I have had a G loomis rod for over 13 years and i recently broke it. I had a brand new one sent to me for $100.00 through their expediter program. They charged my account and sent me a new rod (the same one that originally cost around $400.00) then when you get the new rod you send them your broken one back in the same tube. They pay for the shipping back with a return lable and you are all done. I broke my rod on a Friday and the new one was at my door on Monday the next week. This is part of their limited life time guarantee. They were bought out by Shimano North America holding Co. Phone number is 949-951-5003. Just another idea for you. I hope you get what works best for you.


----------



## gotribe (May 5, 2006)

Since you like G Loomis rods and have a good budget I would look at the NRX+ especially in 10 foot. Telluride reviewed every model at the link below. If you look at less expensive rods like the TFO line, I would recommend the Mangrove. My son fishes an 9 ft 8 wt for steelhead and loves it. This is a rod build for salt and much less brittle than some of the other TFO lines. Unconditional Warranty is the best as well - guide I know uses these for his clients. I fish a Winston 8 wt, love Winstons. The Biiix line is a keeper according to the reviews I’ve seen. Since you’re buying new you can always return the rod if you don’t like it.


Sent from my iPhone using Tapatalk


----------



## gotribe (May 5, 2006)

Sorry, here’s the link to the Telluride reviews of each model.

https://tellurideangler.com/casting-pond/articles/g-loomis-nrx-fly-rods-model-by-model-review/


Sent from my iPhone using Tapatalk


----------



## mtnschott (Mar 28, 2013)

So much info. everyone. That's a huge help! I will try calling Loomis and getting a relatively cheap exchange first. Then I'll call Chagrin River Outfitters. I had no idea that they were still open. I'd gladly buy local (especially now) if I can. If that doesn't work, I have several rods to hone in on. Thanks again. I'll try to pay forward in some way.


----------



## rickerd (Jul 16, 2008)

You know, if G loomis return is that good, I would go that route. I have a Loomis 5 wt 9 foot 2 piece that is one of the last Rajeff models. I wouldn't trade it for any other rod. 

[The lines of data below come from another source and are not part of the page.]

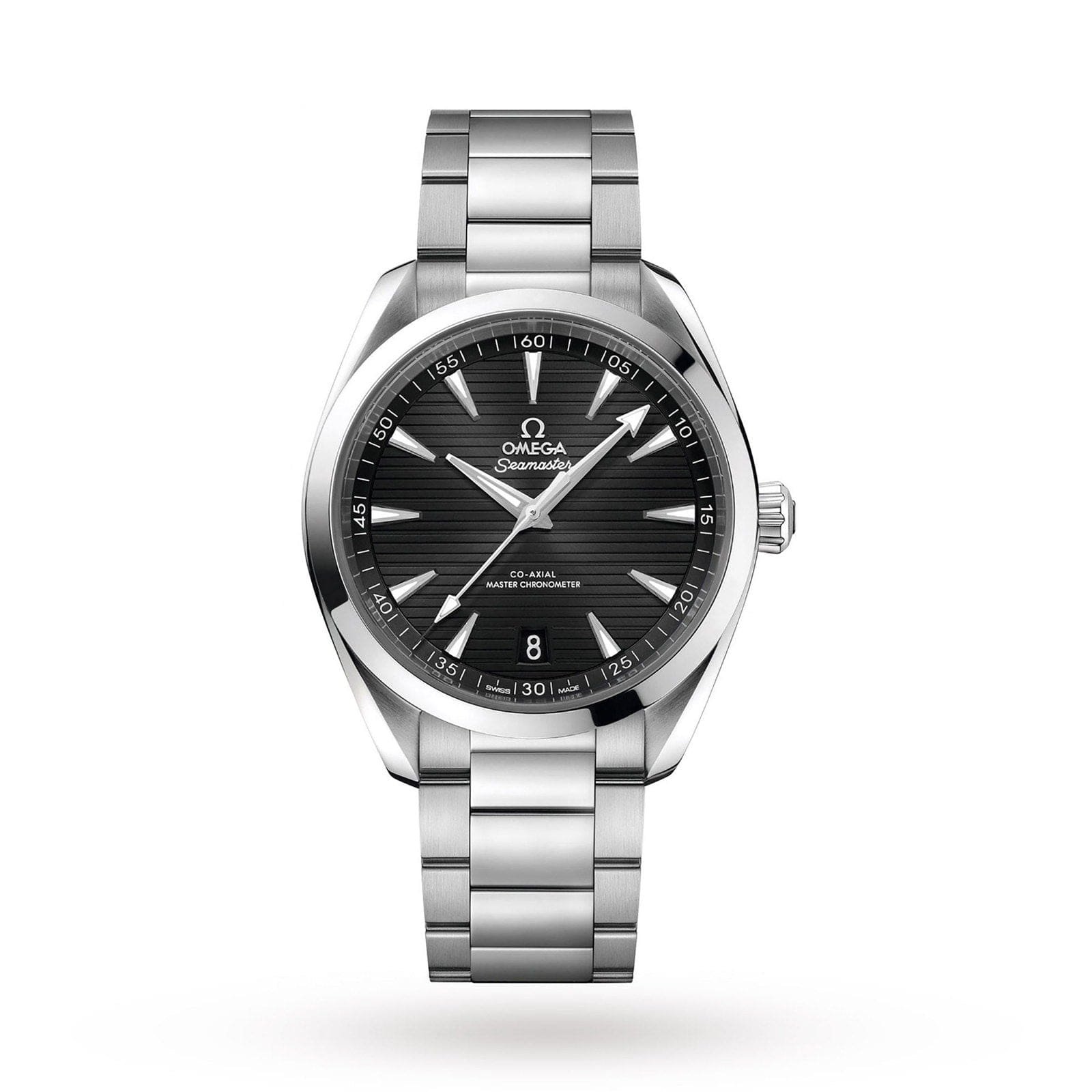 A tribute to Omega’s rich maritime heritage Seamaster heritage with 8900 calibre movement Water resistant to 15 bar (150 metres) 41mm stainless steel case paired with a stainless steel bracelet Master chronometer certified by METAS INSPIRED BY THE OCEAN A tribute to Omega’s rich maritime heritage, the Seamaster Aqua Terra collection balances technical sophistication and ocean spirit. The 150m models offer a refreshing new look, with clean aesthetics, a new symmetrical case design, and Master Chronometer movements with extraordinary levels of magnetic resistance. These timepieces are further characterised by a patterned dial, inspired by the wooden decks of luxury boats. TECHNICAL SOPHISTICATION This 41mm timepiece features a symmetrical, stainless steel case, paired with a co-ordinating stainless steel bracelet. The refined black dial features a date window at 6 o’clock, replicating the first Omega watch with a date window, released in 1952. The maritime influence can also be seen in the wave-edged design on the caseback. The 8900 calibre movement drives the watch with precision and power.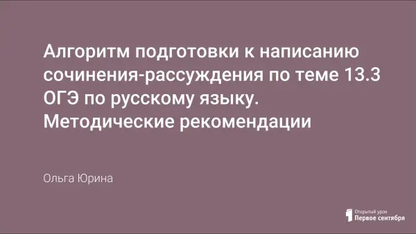 Алгоритм подготовки к написанию сочинения-рассуждения по теме 13.3 ОГЭ по русскому языку. Методические рекомендации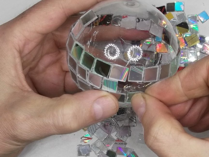 Берем прозрачный елочный шар, наносим каплю клея, приклеиваем на это место кусочек диска переливающейся стороной наружу. Таким образом создаем мозаику из переливающихся кусочков, оставляя между ними небольшие просветы.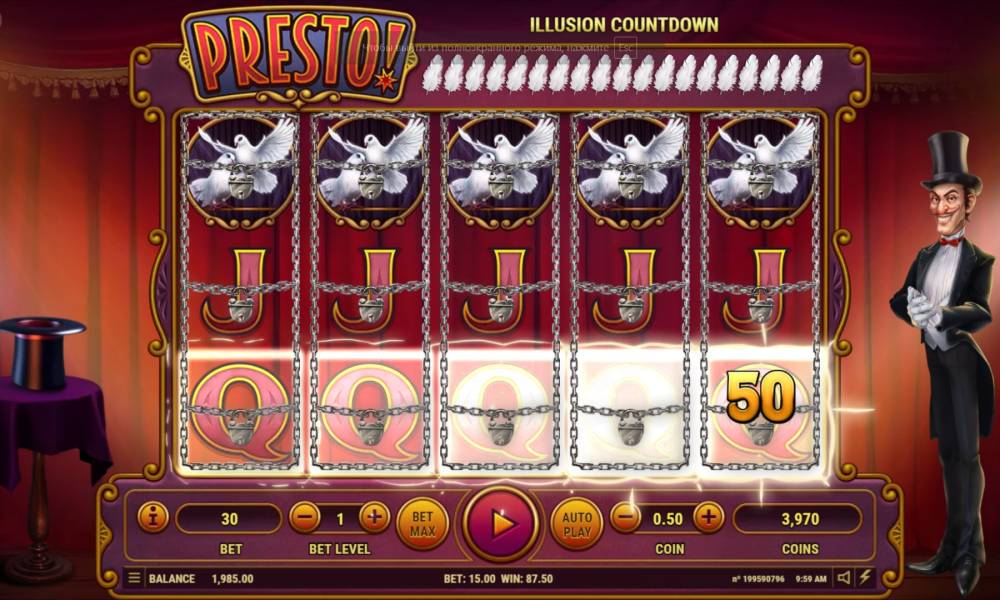 La tragaperras Presto tiene cinco tambores y tres filas de símbolos en la pantalla principal. No hay líneas activas. Las combinaciones se forman de 243 maneras.
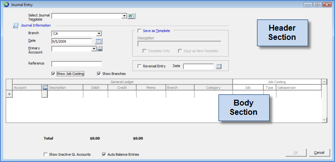 To open a blank Journal Entry form, navigate to the General Ledger module from the Main Application Menu and select the Journal Entry option. The Journal Entry form will be displayed. This form is divided into two main sections; the Header and Body. The fields and options in each section will be defined on the following pages.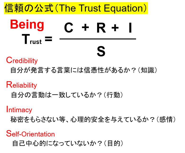 ※下記は信頼の公式になります。ご自身の信頼関係構築の過去のプロセスを振り返ってみましょう。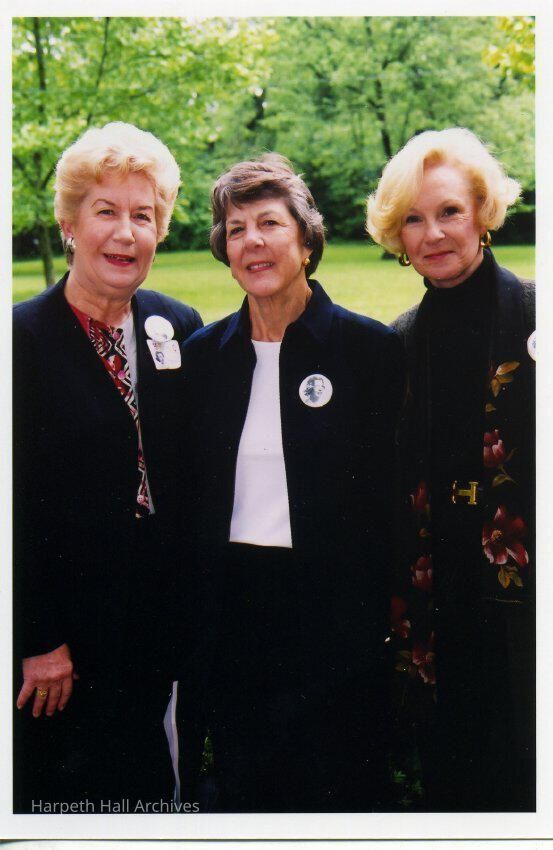 Martha Barrick Caldwell (1952), on the right, and others at the Grand Alumnae Luncheon of May 4th, 2002 on the back porch of Souby Hall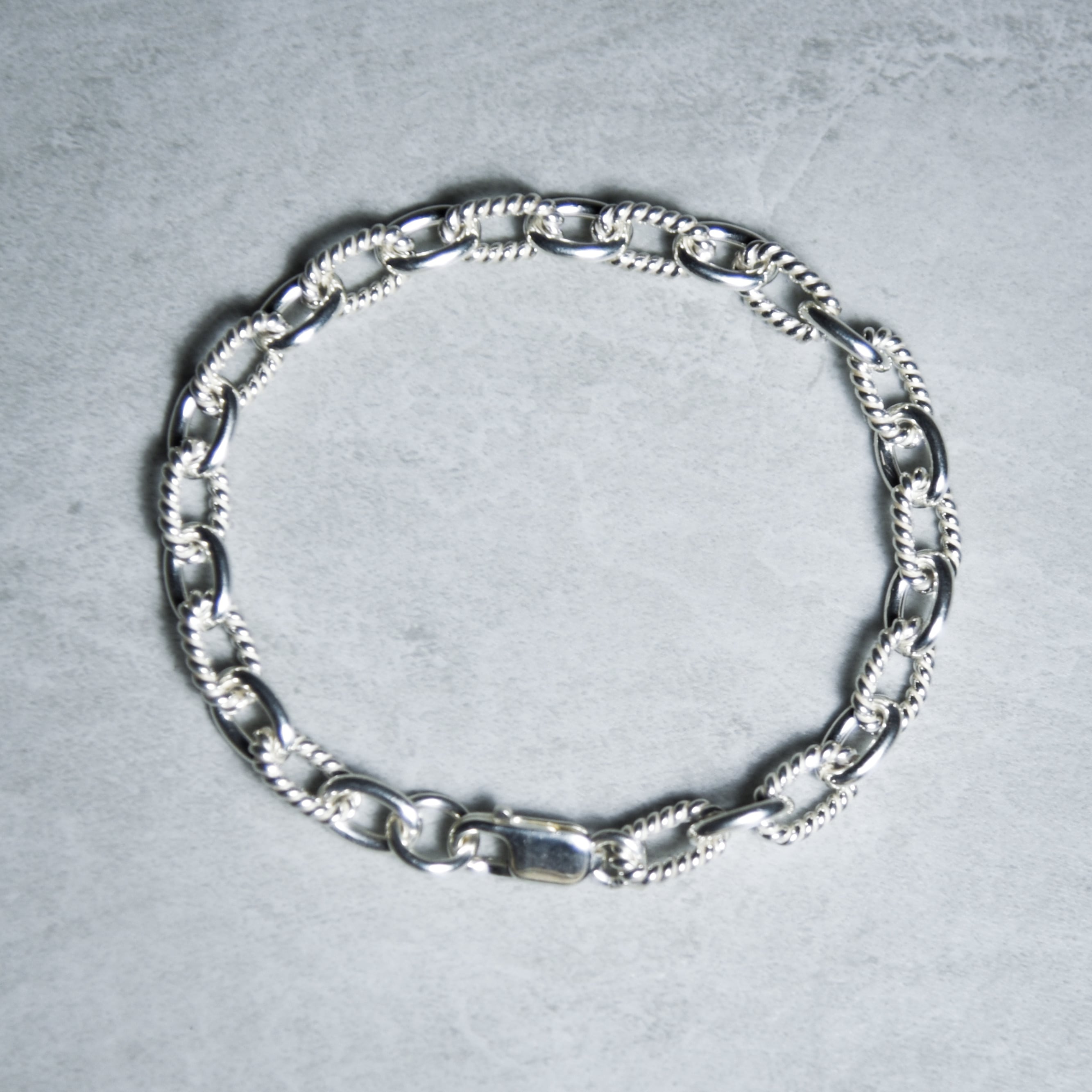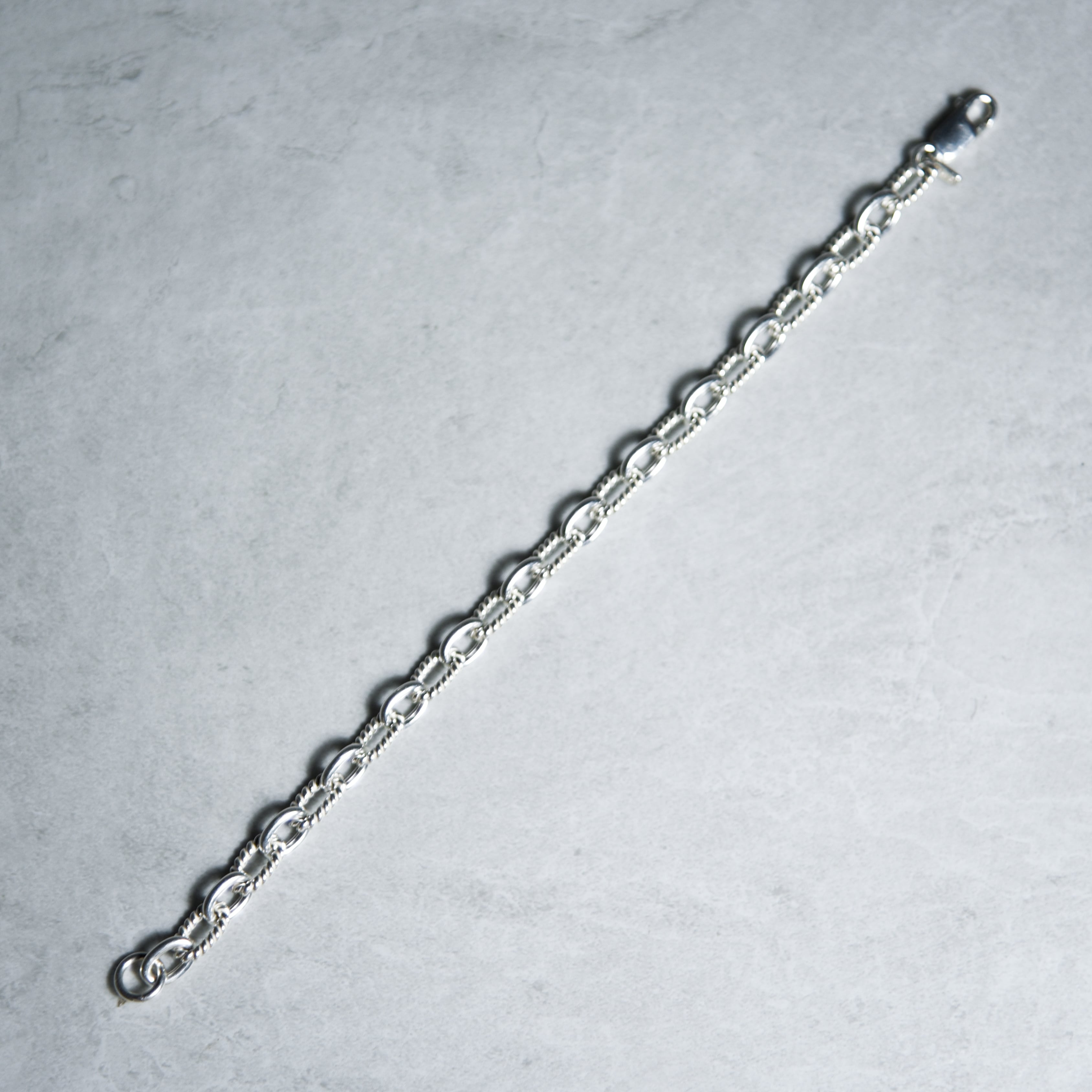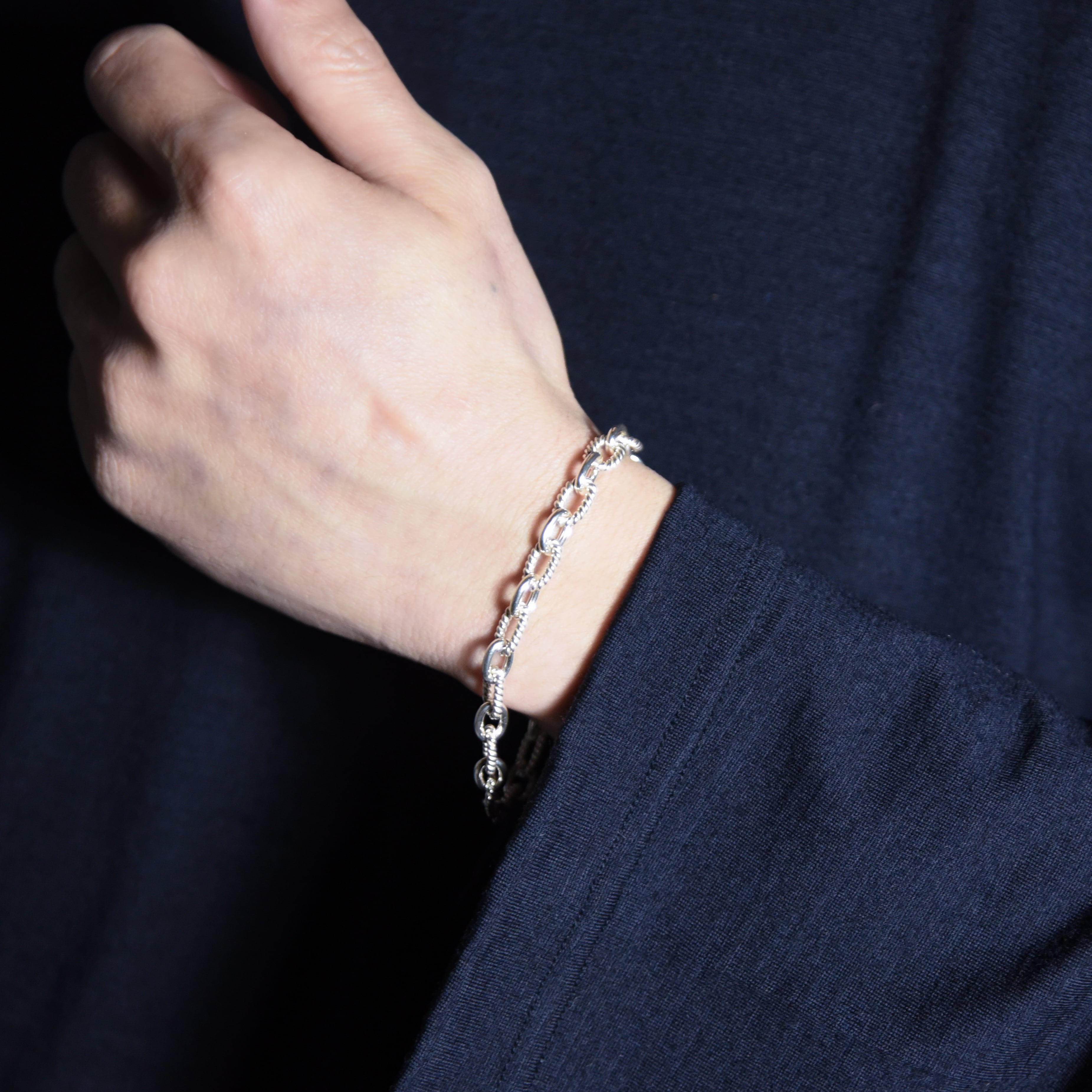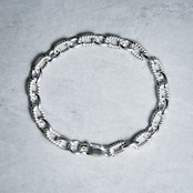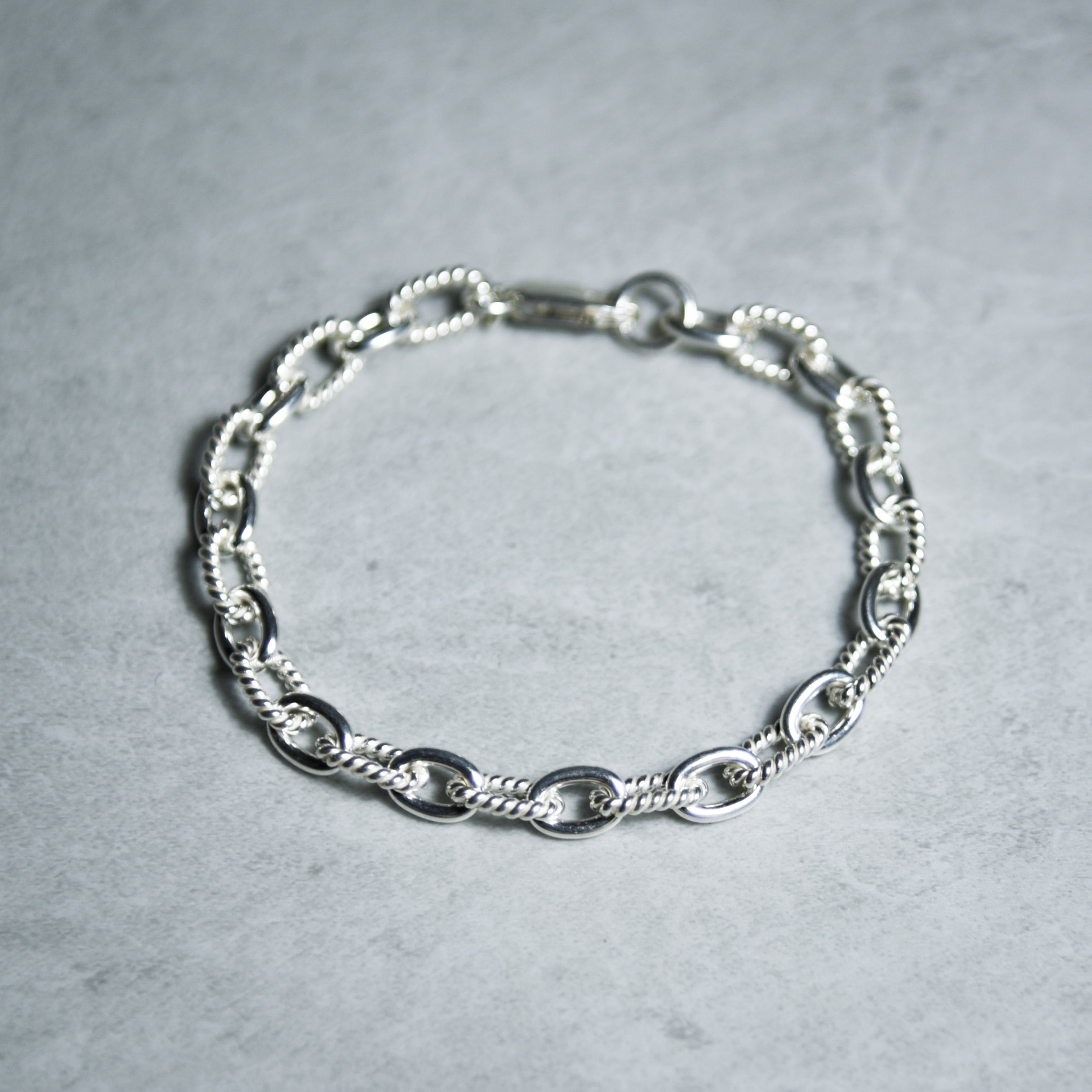 オーバルパーツとロープテクスチャーの対称的なパーツが交互に組み合わされたブレスレット。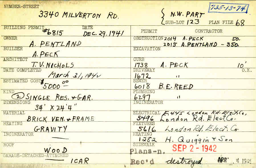 3340 Milverton Road Shaker Heights, OH 44120 PARCEL ID: 735-13-074 Building Permit Date: 12-29-1941 Plan File Number: 68 Neighborhood: Moreland Owner: Pentland, A. Builder: Peck, A. Architect: Nichols, T. V. Estimated Cost: 5000 Date Completed: 03-31-1942 Kind: Single Dwelling and Garage (2) Material: Brick Veneer and Frame Heating: Gravity System Roof: Wood Garage: attached |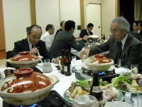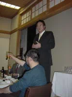 長手親睦活動委員長のピンチヒッターで深見会員の司会の下、恒例「雪見酒」が始まりました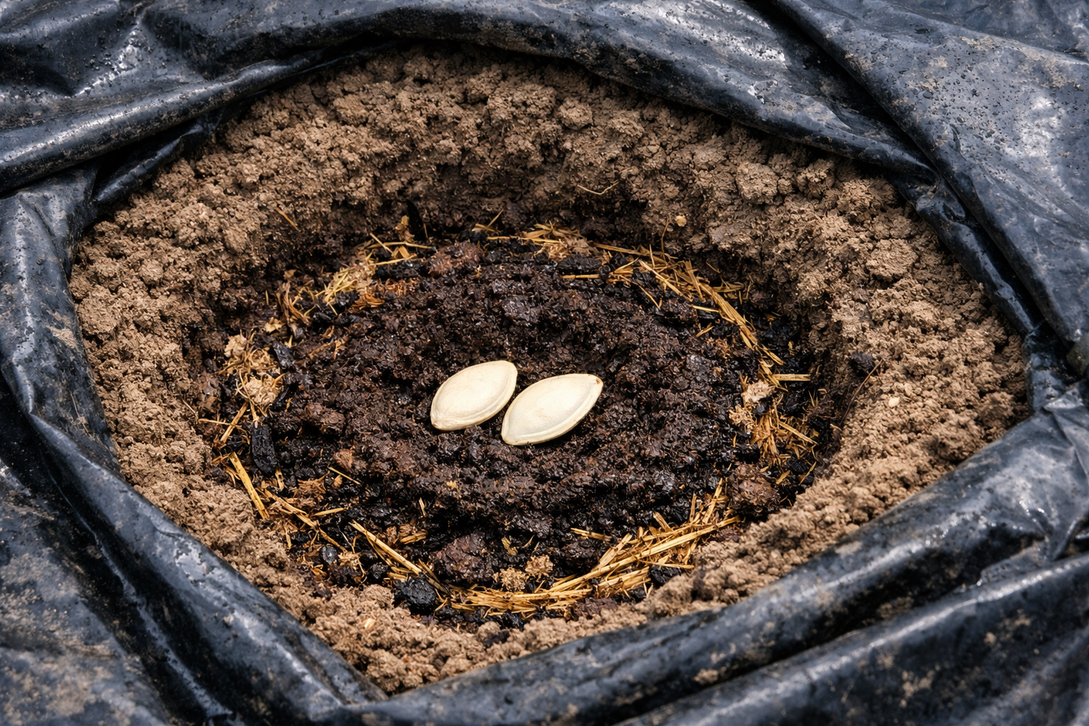 Az erőteljes indítás legfontosabb titka, hogy az előkészített gödröt ültetés előtt néhány nappal sűrű fekete fóliával fedjük le, ami lehetővé teszi, hogy a talaj a mélyben felhalmozza a nap hőjét.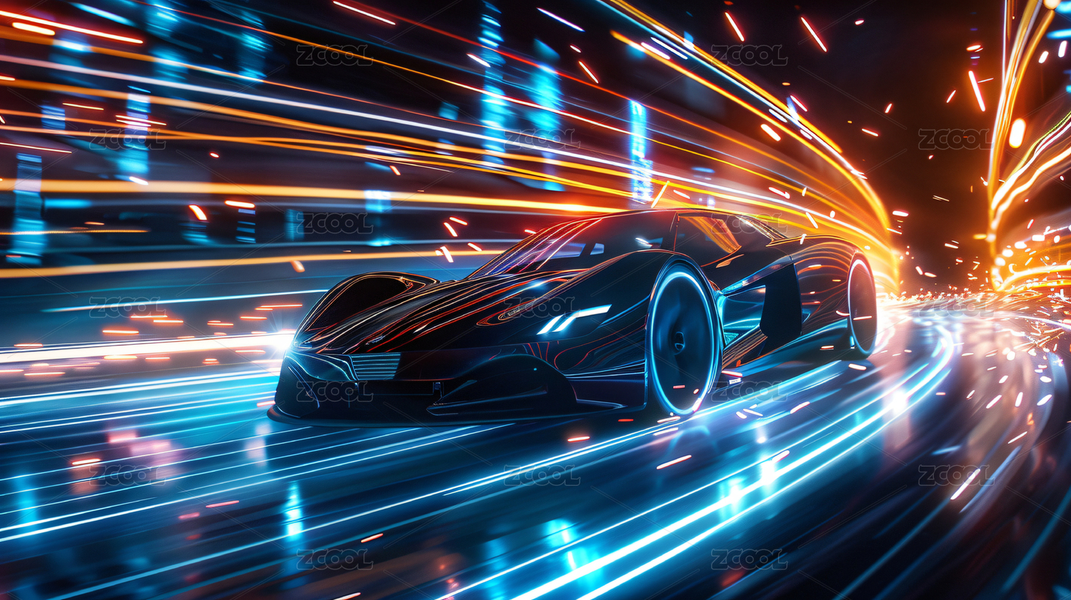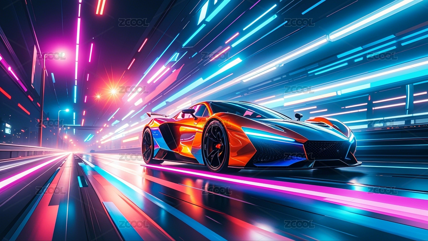 未来,隧道,新能源,汽车,跑车,赛车,三维,场景,赛博朋克,霓虹灯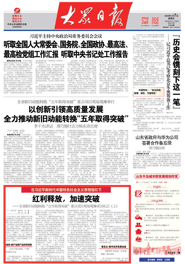 大众日报头版聚焦:动能转换重点项目观摩,看这些关键词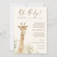 Wild One Giraffe Daisy Floral Gender Neutral Baby Invitation

But when Tim left G Loomis, that's when I looked at Echo, on Craig's advice, and it has been a perfect steelhead rod for me.
Rickerd


----------



## doegirl (Feb 24, 2005)

I have an Orvis Helios 3F in 7wt. It has s moderately fast action, which is good for tippet protection. Casts with pinpoint precision if you do your part. Very light but with good backbone I just absolutely love this rod. Not cheap by any stretch of the imagination but certainly one to consider in your search.


----------



## fishmaster22 (Apr 20, 2005)

Scott makes a great fly rod I have a 10 ft 6 wt that I have been fishing for years. It’s has enough backbone to cast streamers and 2 fly indicator rigs but has a soft enough tip to land large fish on small flies. 


Sent from my iPhone using Tapatalk


----------



## berkshirepresident (Jul 24, 2013)

rickerd said:


> I have ECHO Ion XL $190 and love it for steelhead. Though I broke the tip a couple weeks back. I will get it fixed. The forgiveness on the rod, and consistent flex make it awesome for steelhead. I've had it for 5 years. Also try the Boost Salt $240 if you want a bit faster rod.
> 
> I ordered it through Craig at Erie Outfitters.
> Rickerd


Craig is a fly fishing expert with very serious street cred. Give him a call. Great customer service.


----------



## fishwendel2 (Nov 19, 2007)

zimmerj said:


> I love Clearwater rods.
> https://www.orvis.com/store/product...758&group_id=759&cat_id=14816&subcat_id=44180


I agree on the Clearwater rods. I own a 10’ 7wt that I use for salmon fishing in the fall 


Sent from my iPhone using Tapatalk


----------